- [Task to carry out]
When you copy the listing, skip the images and return each line verbatim.

- [Data block]
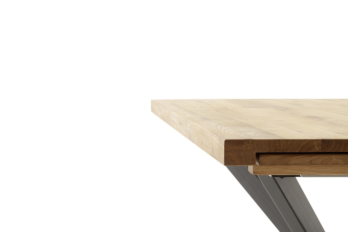 Laua pealisplaat on valmistatud kvaliteetsest õlitatud metsiku tamme täispuidust, mille naturaalne tekstuur ja toon annavad igale lauale ainulaadse välimuse. Tugev ja paks, ca 50 mm plaadikonstruktsioon tagab vastupidavuse ning luksusliku mulje.
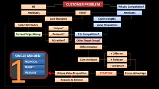 The document outlines various creative techniques and processes for integrated strategic planning and creative problem solving, emphasizing the importance of defining and analyzing problems accurately. It introduces methods such as assumptions-mashing, listing, branching, and analogy, aimed at generating innovative ideas through structured thinking. The text highlights the significance of differentiation and unique value propositions in marketing, alongside practical techniques for better understanding consumer needs and enhancing creativity.
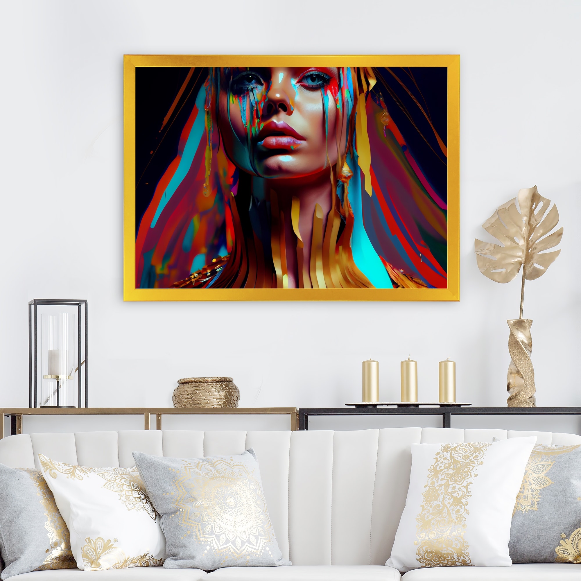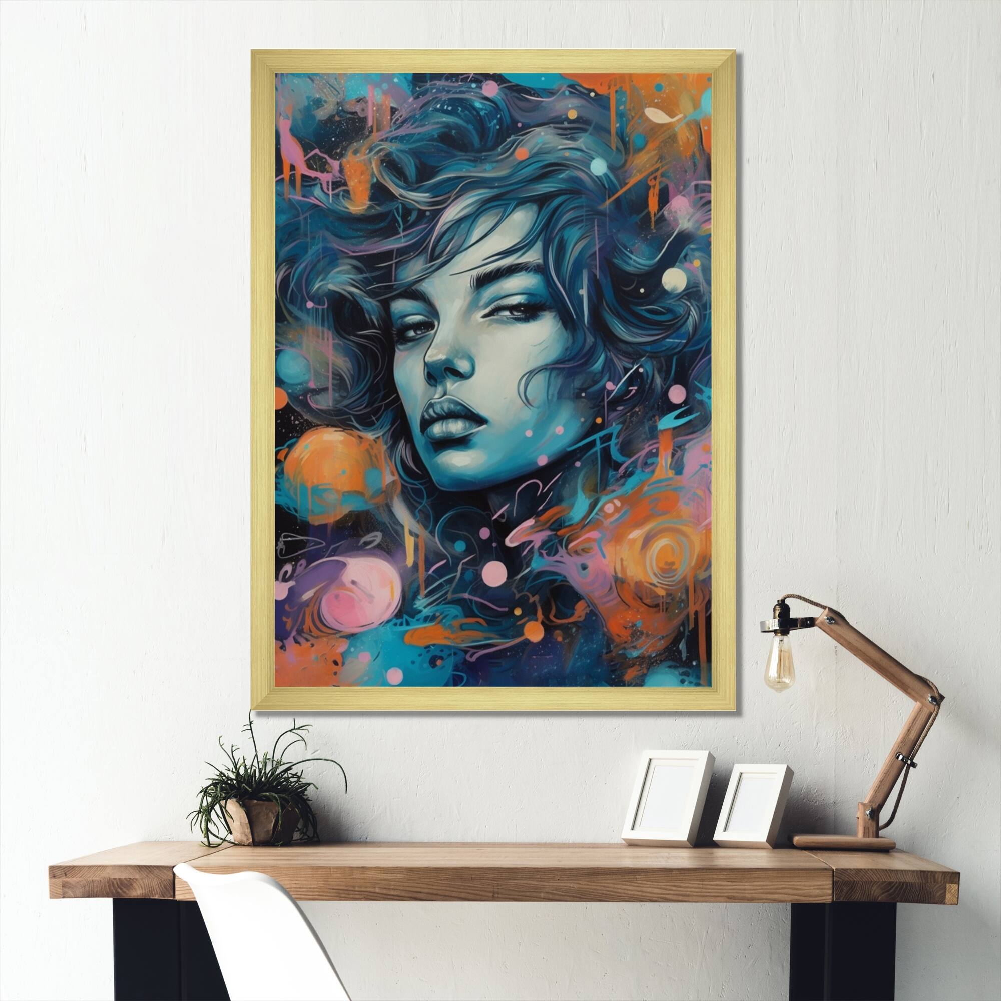 Designart "Vibrant Creative Woman Portrait I" Contemporary Glam Framed Art Print

- [Written response]
 Laua pealisplaat on valmistatud kvaliteetsest õlitatud metsiku tamme täispuidust, mille naturaalne tekstuur ja toon annavad igale lauale ainulaadse välimuse. Tugev ja paks, ca 50 mm plaadikonstruktsioon tagab vastupidavuse ning luksusliku mulje.
 The document outlines various creative techniques and processes for integrated strategic planning and creative problem solving, emphasizing the importance of defining and analyzing problems accurately. It introduces methods such as assumptions-mashing, listing, branching, and analogy, aimed at generating innovative ideas through structured thinking. The text highlights the significance of differentiation and unique value propositions in marketing, alongside practical techniques for better understanding consumer needs and enhancing creativity.
 Designart "Vibrant Creative Woman Portrait I" Contemporary Glam Framed Art Print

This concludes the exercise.